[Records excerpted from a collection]
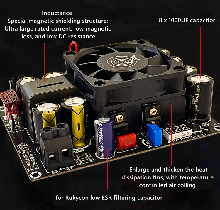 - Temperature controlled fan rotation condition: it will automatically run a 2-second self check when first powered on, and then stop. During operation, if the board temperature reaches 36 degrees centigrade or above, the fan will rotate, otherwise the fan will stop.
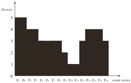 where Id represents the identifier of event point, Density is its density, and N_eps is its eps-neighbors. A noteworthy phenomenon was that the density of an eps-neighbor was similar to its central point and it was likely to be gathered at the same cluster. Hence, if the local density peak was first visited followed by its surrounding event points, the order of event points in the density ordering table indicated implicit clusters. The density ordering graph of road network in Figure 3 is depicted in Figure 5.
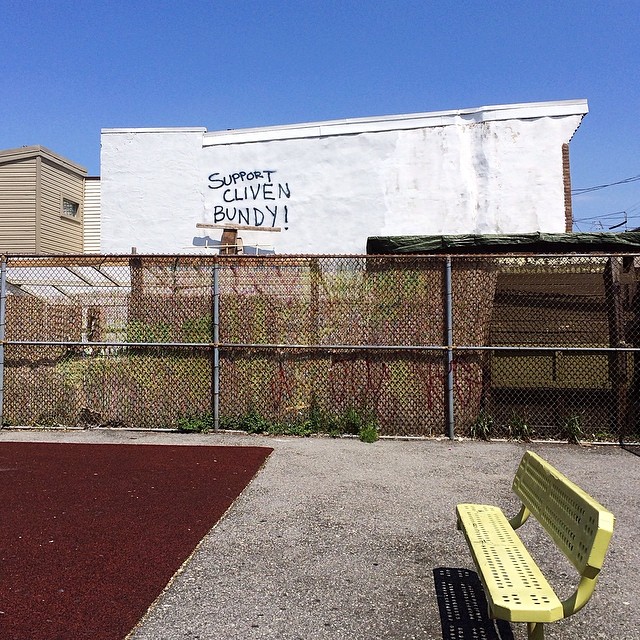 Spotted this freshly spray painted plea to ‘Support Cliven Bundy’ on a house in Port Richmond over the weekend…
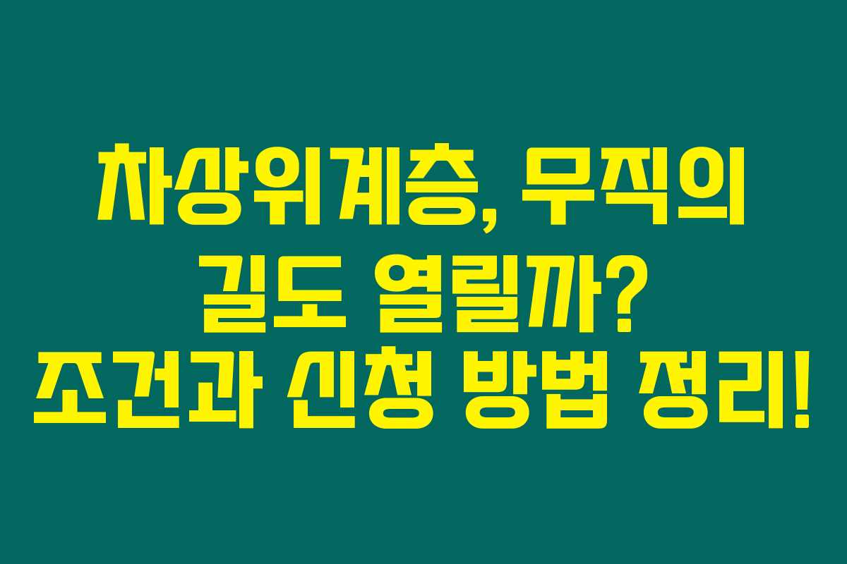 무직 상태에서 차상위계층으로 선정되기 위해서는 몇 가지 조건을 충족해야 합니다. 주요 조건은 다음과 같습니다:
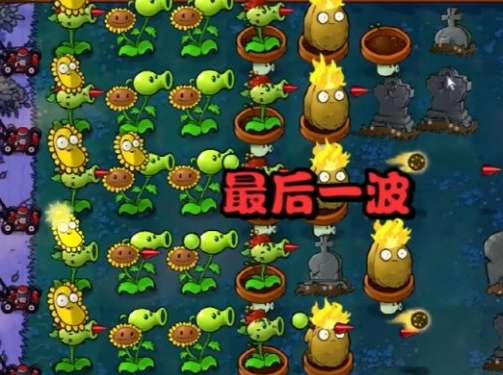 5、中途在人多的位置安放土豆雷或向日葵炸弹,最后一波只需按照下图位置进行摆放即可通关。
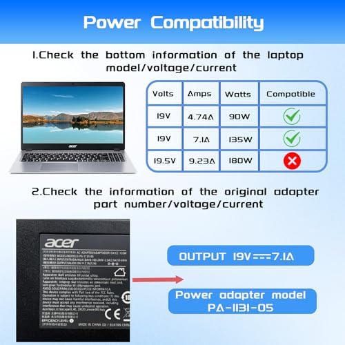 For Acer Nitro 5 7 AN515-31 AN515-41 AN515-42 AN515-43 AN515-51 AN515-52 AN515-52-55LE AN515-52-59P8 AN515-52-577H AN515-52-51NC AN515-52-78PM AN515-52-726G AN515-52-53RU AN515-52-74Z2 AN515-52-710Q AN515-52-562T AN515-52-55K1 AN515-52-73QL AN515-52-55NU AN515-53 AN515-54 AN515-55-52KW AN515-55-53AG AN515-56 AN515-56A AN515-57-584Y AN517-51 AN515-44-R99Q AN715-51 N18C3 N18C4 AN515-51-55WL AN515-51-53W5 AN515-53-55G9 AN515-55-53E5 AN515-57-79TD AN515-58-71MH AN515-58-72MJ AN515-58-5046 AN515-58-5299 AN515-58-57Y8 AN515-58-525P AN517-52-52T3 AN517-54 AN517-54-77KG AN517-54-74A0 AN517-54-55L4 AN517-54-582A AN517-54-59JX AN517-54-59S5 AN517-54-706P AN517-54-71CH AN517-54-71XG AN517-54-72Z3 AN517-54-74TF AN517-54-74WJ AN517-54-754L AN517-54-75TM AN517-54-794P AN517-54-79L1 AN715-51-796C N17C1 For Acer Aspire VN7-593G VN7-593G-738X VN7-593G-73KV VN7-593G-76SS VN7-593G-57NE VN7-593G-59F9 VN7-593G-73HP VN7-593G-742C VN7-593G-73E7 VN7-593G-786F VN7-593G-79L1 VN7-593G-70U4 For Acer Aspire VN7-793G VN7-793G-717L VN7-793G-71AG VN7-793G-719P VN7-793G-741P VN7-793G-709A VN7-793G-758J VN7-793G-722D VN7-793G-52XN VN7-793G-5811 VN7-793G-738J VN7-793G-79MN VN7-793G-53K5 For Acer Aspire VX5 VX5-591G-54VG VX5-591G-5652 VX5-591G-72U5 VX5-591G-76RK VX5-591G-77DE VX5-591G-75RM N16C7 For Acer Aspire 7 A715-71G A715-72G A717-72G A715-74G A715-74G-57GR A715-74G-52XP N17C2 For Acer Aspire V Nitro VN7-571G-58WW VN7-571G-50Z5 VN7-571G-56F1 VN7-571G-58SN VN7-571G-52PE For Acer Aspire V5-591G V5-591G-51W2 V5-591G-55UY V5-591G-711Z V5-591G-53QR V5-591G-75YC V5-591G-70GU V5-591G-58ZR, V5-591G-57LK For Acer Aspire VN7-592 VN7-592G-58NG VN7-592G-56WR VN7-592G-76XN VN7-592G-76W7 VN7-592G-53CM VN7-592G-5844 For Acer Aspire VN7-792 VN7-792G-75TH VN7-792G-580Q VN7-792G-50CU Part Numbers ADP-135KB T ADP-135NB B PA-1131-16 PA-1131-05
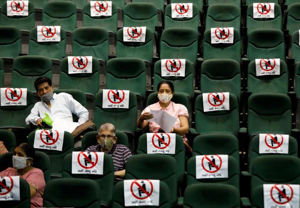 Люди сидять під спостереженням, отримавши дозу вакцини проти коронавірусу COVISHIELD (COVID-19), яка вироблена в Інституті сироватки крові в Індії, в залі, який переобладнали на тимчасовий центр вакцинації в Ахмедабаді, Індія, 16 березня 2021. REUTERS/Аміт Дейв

• **Task brief**:
Give the records again exactly as they stand, so that only the pictures are missing.

• **Solution to the problem**:
 - Temperature controlled fan rotation condition: it will automatically run a 2-second self check when first powered on, and then stop. During operation, if the board temperature reaches 36 degrees centigrade or above, the fan will rotate, otherwise the fan will stop.
 where Id represents the identifier of event point, Density is its density, and N_eps is its eps-neighbors. A noteworthy phenomenon was that the density of an eps-neighbor was similar to its central point and it was likely to be gathered at the same cluster. Hence, if the local density peak was first visited followed by its surrounding event points, the order of event points in the density ordering table indicated implicit clusters. The density ordering graph of road network in Figure 3 is depicted in Figure 5.
 Spotted this freshly spray painted plea to ‘Support Cliven Bundy’ on a house in Port Richmond over the weekend…
 무직 상태에서 차상위계층으로 선정되기 위해서는 몇 가지 조건을 충족해야 합니다. 주요 조건은 다음과 같습니다:
 5、中途在人多的位置安放土豆雷或向日葵炸弹,最后一波只需按照下图位置进行摆放即可通关。
 For Acer Nitro 5 7 AN515-31 AN515-41 AN515-42 AN515-43 AN515-51 AN515-52 AN515-52-55LE AN515-52-59P8 AN515-52-577H AN515-52-51NC AN515-52-78PM AN515-52-726G AN515-52-53RU AN515-52-74Z2 AN515-52-710Q AN515-52-562T AN515-52-55K1 AN515-52-73QL AN515-52-55NU AN515-53 AN515-54 AN515-55-52KW AN515-55-53AG AN515-56 AN515-56A AN515-57-584Y AN517-51 AN515-44-R99Q AN715-51 N18C3 N18C4 AN515-51-55WL AN515-51-53W5 AN515-53-55G9 AN515-55-53E5 AN515-57-79TD AN515-58-71MH AN515-58-72MJ AN515-58-5046 AN515-58-5299 AN515-58-57Y8 AN515-58-525P AN517-52-52T3 AN517-54 AN517-54-77KG AN517-54-74A0 AN517-54-55L4 AN517-54-582A AN517-54-59JX AN517-54-59S5 AN517-54-706P AN517-54-71CH AN517-54-71XG AN517-54-72Z3 AN517-54-74TF AN517-54-74WJ AN517-54-754L AN517-54-75TM AN517-54-794P AN517-54-79L1 AN715-51-796C N17C1 For Acer Aspire VN7-593G VN7-593G-738X VN7-593G-73KV VN7-593G-76SS VN7-593G-57NE VN7-593G-59F9 VN7-593G-73HP VN7-593G-742C VN7-593G-73E7 VN7-593G-786F VN7-593G-79L1 VN7-593G-70U4 For Acer Aspire VN7-793G VN7-793G-717L VN7-793G-71AG VN7-793G-719P VN7-793G-741P VN7-793G-709A VN7-793G-758J VN7-793G-722D VN7-793G-52XN VN7-793G-5811 VN7-793G-738J VN7-793G-79MN VN7-793G-53K5 For Acer Aspire VX5 VX5-591G-54VG VX5-591G-5652 VX5-591G-72U5 VX5-591G-76RK VX5-591G-77DE VX5-591G-75RM N16C7 For Acer Aspire 7 A715-71G A715-72G A717-72G A715-74G A715-74G-57GR A715-74G-52XP N17C2 For Acer Aspire V Nitro VN7-571G-58WW VN7-571G-50Z5 VN7-571G-56F1 VN7-571G-58SN VN7-571G-52PE For Acer Aspire V5-591G V5-591G-51W2 V5-591G-55UY V5-591G-711Z V5-591G-53QR V5-591G-75YC V5-591G-70GU V5-591G-58ZR, V5-591G-57LK For Acer Aspire VN7-592 VN7-592G-58NG VN7-592G-56WR VN7-592G-76XN VN7-592G-76W7 VN7-592G-53CM VN7-592G-5844 For Acer Aspire VN7-792 VN7-792G-75TH VN7-792G-580Q VN7-792G-50CU Part Numbers ADP-135KB T ADP-135NB B PA-1131-16 PA-1131-05
 Люди сидять під спостереженням, отримавши дозу вакцини проти коронавірусу COVISHIELD (COVID-19), яка вироблена в Інституті сироватки крові в Індії, в залі, який переобладнали на тимчасовий центр вакцинації в Ахмедабаді, Індія, 16 березня 2021. REUTERS/Аміт Дейв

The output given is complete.